Some prominent FDA panel members recommended the study be conducted after approval.
"I think is a benefit-risk trade-off question," Dr. Sanjay Kaul, professor in the division of cardiology at Cedars Sinai Medical Center in Los Angeles, said during the panel discussion. "I would say that of all the obesity drugs, this drug has the highest efficacy in terms of weight loss.
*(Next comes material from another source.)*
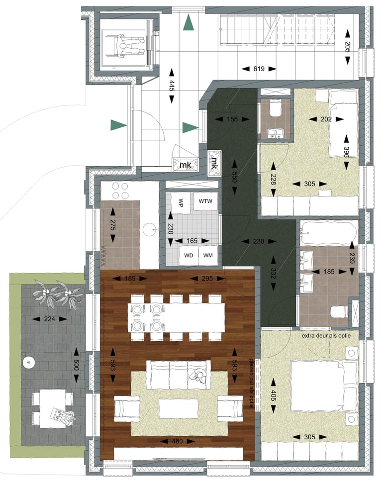 De lichte open-plan leefruimte vormt het hart van het appartement en combineert wonen en eten op een natuurlijke, vloeiende manier. Grote ramen laten het daglicht rijkelijk binnenstromen en bieden toegang tot de fraai aangelegde tuin aan de hofzijde – een perfecte plek om te ontspannen, buiten te zitten en te genieten van groen en rust.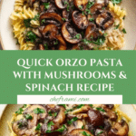 Keywords: orzo pasta, mushrooms, spinach, easy pasta recipe, vegetarian dinner, Mediterranean pasta, quick meal, sautéed vegetables, Parmesan pasta

This shifts the balance more in favor of requiring a post-approval rather than pre-approval study."
However, if FDA ultimately decides to ask for the study before approval, Kaul said "it would not be unreasonable."
Vivus' Qnexa competes with Arena Pharmaceuticals Inc's lorcaserin and Orexigen Therapeutics Inc's Contrave.
Investors are likewise grappling with the risks against the potential reward.
"The stock broker targets (for Vivus' share price) are all over the map," Isaly said. "The range is $11 to $45, with the average being $27.25.
In the short term the risk is that the FDA overrides its panel, a relatively rare but not unheard-of event.
"Qnexa's near-term approvability can still be derailed by a negative CV (cardiovascular) panel in late March or by just an independent FDA conclusion," Jonathan Aschoff, an analyst at Brean Murray Carret & Co, said in a research note.
The nightmare long-term scenario for investors in Vivus would be for U.S. regulators to approve the drug, only for follow-up studies to reveal previously undetected safety problems that could restrict the drug's use, and possibly even lead to lawsuits.
In 2010, for example, the FDA announced it would significantly restrict the use of GlaxoSmithKline Plc's diabetes drug Avandia after post-approval reviews found the drug may have increased the risk of heart attack. Glaxo has had to contend with thousands of lawsuits related to the drug.
In general, investor sentiment has been improving toward the company. As of Jan. 31, about 17.5 percent of Vivus' shares were held "short" by investors betting the stock will fall. That was down from 18.9 percent in November and down from 24 percent last April.
"We see room for upside from current levels," said Simos Simeonidis, an analyst at Cowen and Co, in a research note. "However, this upside comes with execution and commercial risk."
Simeonidis said that assuming the drug is launched in the third quarter of this year, it could generate sales in the United States and Europe of $2.2 billion by 2019. He also said a big pharmaceutical company could buy Vivus outright.
FDA reviewers said patients taking Qnexa had more safety problems, including memory loss and higher heart rates, than those taking a placebo, though Vivus said there is no conclusive link between increased heart rate and heart health. The company also noted that the drug reduced blood pressure. High blood pressure can increase the risk of heart attack.
From a medical standpoint, the risk of cardiovascular problems from taking Qnexa are being weighed against the heart, and other health risks, such as diabetes, associated with obesity. But with such a history of failed weight loss drugs, regulators as well as investors, are wary.
Shares of Vivus, which is based in Mountain View, California, gained 77.5 percent to close at $18.73 on the Nasdaq, off an earlier high at $21.44.